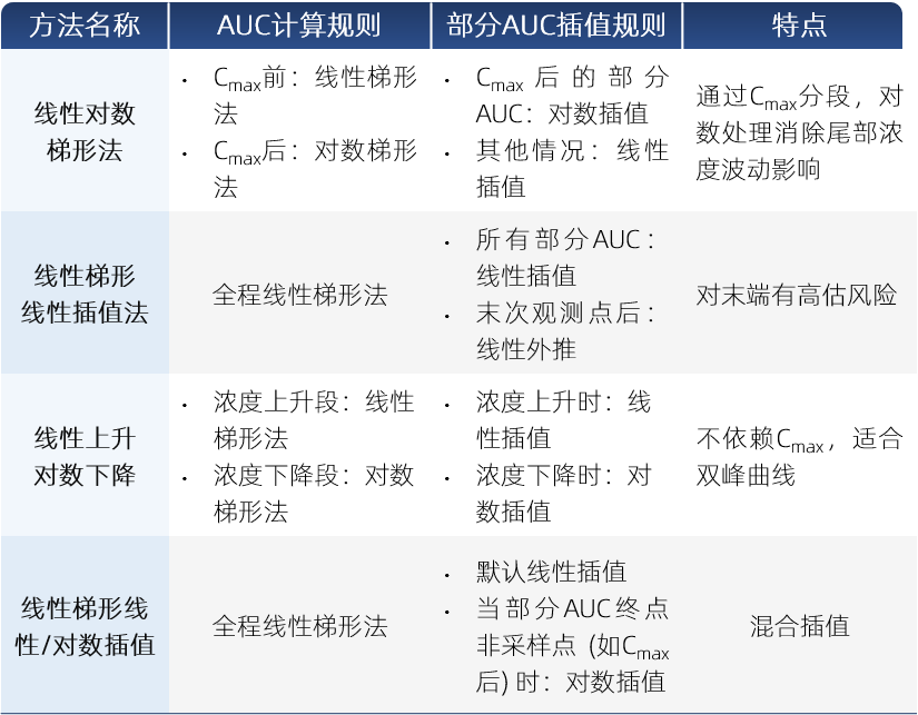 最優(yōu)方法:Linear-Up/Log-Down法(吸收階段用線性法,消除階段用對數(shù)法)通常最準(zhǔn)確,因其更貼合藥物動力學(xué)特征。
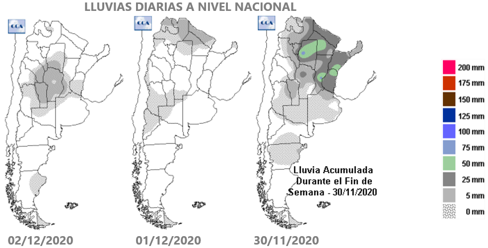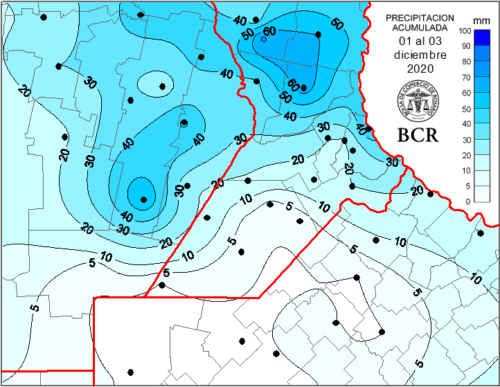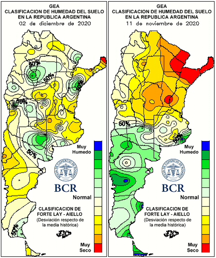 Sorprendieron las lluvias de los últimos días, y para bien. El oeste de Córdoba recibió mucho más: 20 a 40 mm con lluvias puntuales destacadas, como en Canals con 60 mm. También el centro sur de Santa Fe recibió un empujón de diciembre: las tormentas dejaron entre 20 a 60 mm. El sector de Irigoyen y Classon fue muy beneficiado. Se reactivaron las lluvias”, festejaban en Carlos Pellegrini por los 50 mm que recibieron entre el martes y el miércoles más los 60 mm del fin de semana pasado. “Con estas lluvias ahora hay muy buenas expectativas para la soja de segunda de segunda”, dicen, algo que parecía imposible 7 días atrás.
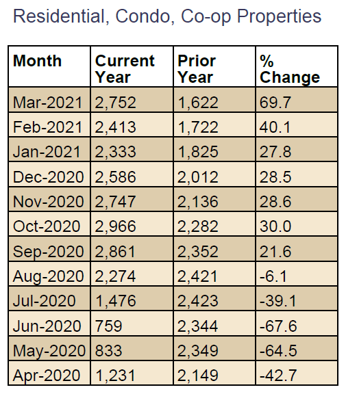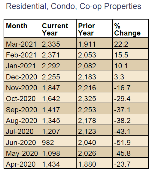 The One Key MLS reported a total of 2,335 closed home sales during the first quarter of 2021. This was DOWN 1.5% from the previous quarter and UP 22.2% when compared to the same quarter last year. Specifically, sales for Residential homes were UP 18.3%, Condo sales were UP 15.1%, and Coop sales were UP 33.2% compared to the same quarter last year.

——

Instructions for the task
Only the lines from the one containing "Sorprendieron las lluvias" through the last line of the data above, both included, belong in the reply, each restated exactly and without pictures.

Output of the exercise
 Sorprendieron las lluvias de los últimos días, y para bien. El oeste de Córdoba recibió mucho más: 20 a 40 mm con lluvias puntuales destacadas, como en Canals con 60 mm. También el centro sur de Santa Fe recibió un empujón de diciembre: las tormentas dejaron entre 20 a 60 mm. El sector de Irigoyen y Classon fue muy beneficiado. Se reactivaron las lluvias”, festejaban en Carlos Pellegrini por los 50 mm que recibieron entre el martes y el miércoles más los 60 mm del fin de semana pasado. “Con estas lluvias ahora hay muy buenas expectativas para la soja de segunda de segunda”, dicen, algo que parecía imposible 7 días atrás.
 The One Key MLS reported a total of 2,335 closed home sales during the first quarter of 2021. This was DOWN 1.5% from the previous quarter and UP 22.2% when compared to the same quarter last year. Specifically, sales for Residential homes were UP 18.3%, Condo sales were UP 15.1%, and Coop sales were UP 33.2% compared to the same quarter last year.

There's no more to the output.